Durable, recoverable, and performant distributed messaging/journaling is inherently complex. Make sure you know what is it that you precisely require, and one of the above solutions will likely serve you well.
My observations so far:
* Running a single RabbitMQ is pretty boring in the good sense.
* We haven't managed to switch to a cluster for HA yet; it seems that software that deals with RabbitMQ clusters must be cluster aware (consume from queues on all instances and the likes), and it wasn't worth our effort to fix all the applications.
* In the long run, the lack of tooling is hurting us. Want to do green-blue deployments? Canary deployments? When your services run on HTTP(S), there are simply tools for that. When your services consume from AMQP queues? You have to go searching for solutions, possibly build your own plumbing.
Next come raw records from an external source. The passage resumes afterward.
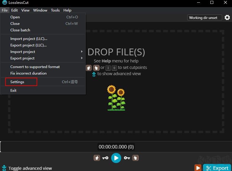 6、如需指定導出路徑,請點擊Working dir unset按鈕(默認保存在源文件所在目錄)。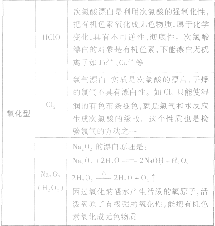 具有漂白作用的物質(zhì)總結(jié):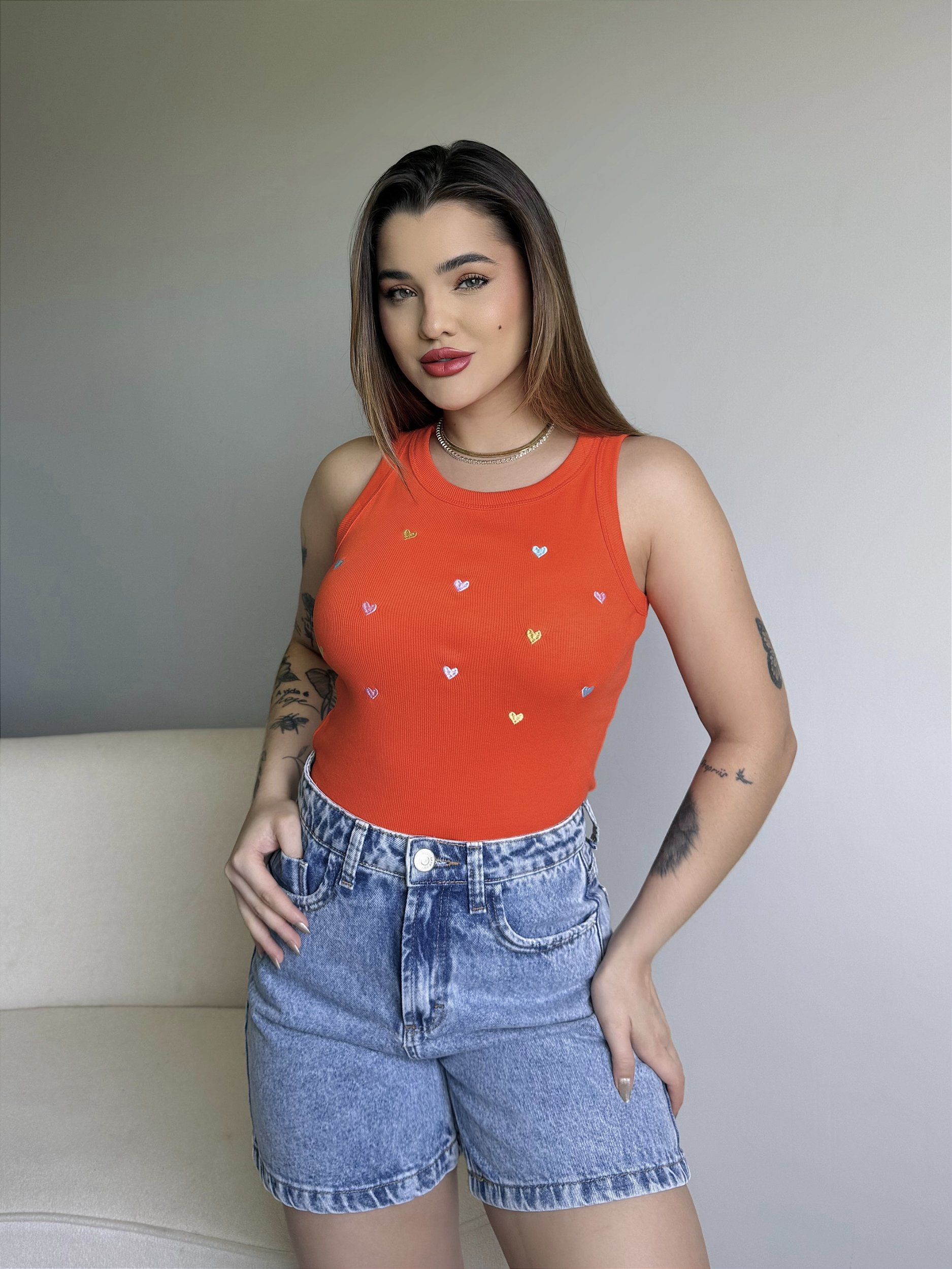 REGATA (BORDADA) CORAÇÃOZINHO - LARANJA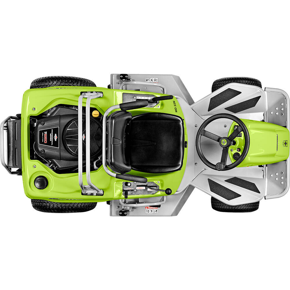 MD 22N TO KOSIARKA HYDROSTATYCZNA Z PODWÓJNĄ FUNKCJĄ AGREGATU TNĄCEGO OBSŁUGIWANEGO ZA POMOCĄ DŹWIGNI, KTÓRA POZWALA W KOMFORTOWY SPOSÓB (Z POZYCJI SIEDZĄCEJ) PRZEŁĄCZAĆ SIĘ POMIĘDZY TRYBEM MULCZOWANIA I BOCZNEGO WYRZUTU. POJAZD TEN POSIADA SPRZĘGŁO ELEKTROMAGNETYCZNE, KTÓRE DOSKONALE SPRAWDZA SIĘ PODCZAS KOSZENIA NAWET NA ZBOCZACH ORAZ BLOKADĘ DYFERENCJAŁU. BARDZO WYDAJNY 18-KONNY SILNIK, ŁATWOŚĆ OBSŁUGI MASZYNY, PŁYNNY UKŁAD STEROWANIA ORAZ WYSOKA PRĘDKOŚĆ PRACY CZYNIĄ Z MD 22N SZYBKĄ I EFEKTYWNĄ KOSIARKĘ (PRĘDKOŚĆ MAKSYMALNA TO 10,5 KM/H), KTÓREJ UŻYTKOWANIE TO CZYSTA PRZYJEMNOŚĆ.
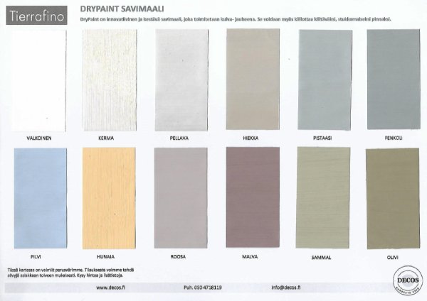 Värikartta, jossa aidolla savimaalilla tehdyt värimallit. Kartan koko A4.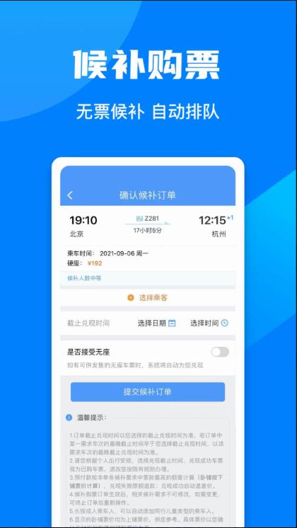 2、用户的信息要保证是真实有效的,不然即使是买到票了也无法乘坐;

In the end, it turns out that we use publish/subscribe far less often that direct request/response patterns, so for new stuff I'd likely go with HTTPS instead of AMQP today.
Seems your conclusion “DON’T” implies the former, but this seems unnecessarily extreme.
What didn't help was the pika python client had so many issues. One of my github problem reports had a 20 line demo showing how it broke with anything but a trivial load. I gave up soon after as I had further problems in other languages. Over a year later someone looked at it and said 'yep fails under load' and fixed it.
One of those projects that showed so much promise only to make me sad.
[1] https://docs.aws.amazon.com/amazon-mq/latest/developer-guide...
I've found RabbitMQ difficult operationally, and full of footguns (that can make you lose data), so I'm not sure why would you want to use it if you don't already have to.
While my past experiences with RabbitMQ in production have been stellar, I can see why a team would be hesitant to add this complexity to their infrastructure.